The One Word to Ruin It All

After a phone conversation, Jobi told me, "I talked to [whoever was on the phone] about Special Forces."

Special Forces. The green beret. The best of the best the military has to offer. It's been Jobi's dream to be in this "elite" group since he first made the connection between it and Rambo. And this year, I've decided to support him in this "dream." Allowing him to buy books, and watch documentaries, and call offices, and work out, and schedule and budget and all that jazz. And through all this "support," I've never told him how I feel about the idea.

"What did the guy say about it," I inquired.

"He said," Jobi replied, "that if I join SF, I might as well sign a divorce."

Oh boy.

"And what do you think about that," I asked him.

He shrugged, "He has a point."

He has a point? Just a point? I said nothing.

Jobi saw my silence. "You have a thought?" His voice was sharp.

I took a deep breath. "Yeah, I have a thought. I think he's right."

He raised his eyebrows. "You think he's right? Like that we should get divorced?!"

"Well," I hesitated. He's not going to like this. "We aren't strong enough for SF."

"Not strong enough?" he retorted.

I continued. "I'm not strong enough for you to be in SF. You would leave at an unknown time, for an unknown period of time, to an unknown location, doing unknown things. All that unknown would be... too much. I can't handle not knowing. At least when you could come home."

Jobi began, but then exhaled and stayed silent.

I wasn't finished. "The only times you have left us was for training. You've never been on any assignment. And yet when you come home you have a hard time being back. You can't stand to be around the kids, around home, around me. Imagine what that would be like if you actually got deployed. To a combat zone. It would be a thousand times harder! We may not make it through that. Special Forces... We are just not strong enough."

Jobi said nothing, only continued playing. But his shoulders slowly slumped. And his eyes drooped. And his mouth made a slight hint of a frown. Sadness crept into his entire form, and I felt bad. I am his wife. I'm supposed to love him and support him, through thick and thin, for better or for worse. And I'm never supposed to say the "D" word! How could I do that to him? Put him through a terrible scenario of the kids never loving their father again, or our marriage shattered to dust. I shouldn't have been the one to give him those thoughts, those images. What a horrible wife I am to tell him our marriage and our family isn't strong. I wanted to take everything I said back, give him a big hug and reassure him that his wife and kids are still here, that we love him, that he is the awesomest, most bestest husband and dad ever...
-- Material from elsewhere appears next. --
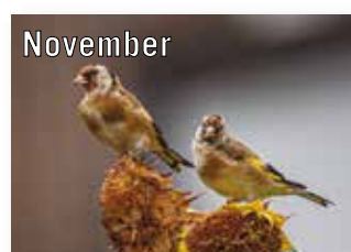
Karl-Heinz Hack GF Sachsenring e.V.

But something about his sadness was off.

"Are you..." I looked at him more closely, "bummed?"

He sighed and frowned. "Maybe. I don't wanna talk about it."

No, he wasn't sad about the thought of losing his family... he was sad that his wife told him he can't be Rambo.

 Needless to say, he was bummed out for the rest of the day. And my guilt for being a terrible, horrible, no-good, very bad wife?
I'm over it.

Sunday, October 7, 2012

Are You Prepared?

My sister had a dream the other night.

In this dream she was home with her four kids while her husband was away at work. A neighbor friend was visiting from across the street. But it was dark inside, and it was dark outside. And it had been months since they left the house.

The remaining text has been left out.